Dans la glace, j’aperçois, à travers la fenêtre, une sorte de terrasse. Dès que j’ai fini ma toilette, je vais m’y installer. Elle est perchée au niveau de la cime des arbres qui entourent l’hôtel, des arbres qui semblent aussi heureux que moi. Les branches et les feuilles s’agitent sous la brise, comme si elles l’avaient attendue toute la nuit.
Chris s’est levé, et Sylvia sort à son tour de sa chambre. Elle a déjà pris son petit déjeuner avec John, lequel est parti faire un tour. Elle nous accompagne, Chris et moi, jusqu’au restaurant. Nous sommes amoureux de tout, ce matin, et nous devisons gaiement le long de cette rue baignée de lumière matinale. Le café, les gâteaux, les œufs sont délicieux. Chris nous parle de son école, de ses amis, de sa vie. J’écoute, et je regarde la ville par la baie vitrée. Les choses ont bien changé depuis cette nuit solitaire dans le Dakota du Sud. De l’autre côté des maisons, la montagne et la neige nous attendent.
Sylvia nous explique qu’il y a une autre route pour aller à Bozeman : par le sud ; puis il faut traverser le parc de Yellowstone. C’est ce que John a appris en discutant avec les gens de la ville. Cela m’étonne :
— Par le sud ! Tu veux dire par Red Lodge ?
— Probablement.
Je me souviens des grandes étendues de neige de Red Lodge, au mois de juin.
— Mais cette route monte très haut, bien au-dessus de la limite des forêts.
— Et alors ? C’est embêtant ?
— Il va faire froid. Mais ça sera formidable.
Je nous imagine déjà sur nos machines, roulant à travers la neige.
Nous retrouvons John et nous nous mettons d’accord. Bientôt, nous coupons une voie ferrée, et roulons sur une petite route goudronnée qui, parmi les pins, grimpe vers la montagne. Phèdre passait toujours par là, et partout des souvenirs me reviennent. Le massif sombre et élevé de l’Absaroka se dresse droit devant nous.
Nous remontons le cours d’un torrent jusqu’à sa source, la neige commence à fondre et les eaux bouillonnent. Des prés verts et parsemés de rochers escaladent les flancs de la montagne. Dans la lumière, les couleurs sont intenses et les ombres très foncées. Le ciel est bleu foncé, lui aussi. Au soleil, il fait chaud, mais dès que nous passons à l’ombre, nous avons froid.
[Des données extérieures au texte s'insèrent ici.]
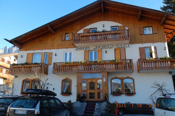 成田からチューリッヒに飛び、列車に乗り換えてインスブルックで1泊した。翌朝インスブルックから フォルテッツアに行き、そこでイタリア鉄道に乗り換えてドビアッコへ行き、そこからはバスで コルチナダンペッツオへ行く予定であったしかしが、イタリア鉄道がストライキをしていて 列車が動かないので、フォルテッツアからバスを3回乗り継いでドビアッコに行き、予定より 3時間遅れで5時頃コルチナダンペッツオのホテルミリアムに到着した。

Nous faisons la course avec une petite Porsche bleue, qui nous double en klaxonnant, et que nous doublons à notre tour en klaxonnant de même. Ah ! oui, que de souvenirs familiers !
Il prenait cette route pour gagner les hauteurs, puis il s’enfonçait dans la nature, avec son sac à dos, pour quatre ou cinq jours. Il ne redescendait que pour aller acheter quelques provisions. Ce besoin d’altitude était, chez lui, presque physiologique. Le fil de ses pensées était si long, si embrouillé, si abstrait, qu’il lui fallait tout le silence et l’espace de la montagne pour arriver à le dérouler, comme si les édifices fragiles qu’il passait des heures à échafauder ne pouvaient résister à la moindre distraction, à la moindre sollicitation extérieure. Même avant qu’il ne devienne fou, sa façon de penser ne ressemblait pas à celle des autres. Elle se situait au niveau où tout bouge et change, où les valeurs et les vérités institutionnelles disparaissent, et où l’on ne peut continuer à progresser que grâce à sa propre intelligence. Son échec prématuré l’avait libéré de toute obligation vis-à-vis de la tradition, et il avait acquis ainsi une indépendance que peu de gens connaissent. Il sentait que les écoles, les Églises, gouvernements, organisations politiques diverses ont tendance à orienter la pensée vers autre chose que la vérité – à l’utiliser pour se perpétuer eux-mêmes en tant qu’institutions, et pour mieux contrôler les individus qui les servent. Il en vint à considérer son échec comme un accident heureux qui lui avait permis d’échapper au piège des vérités établies. Il lui avait fallu du temps, certes, pour comprendre ce processus, et réagir de cette manière. Au point que j’en perds moi-même le fil de mon histoire – car cette attitude n’a été la sienne que beaucoup plus tard.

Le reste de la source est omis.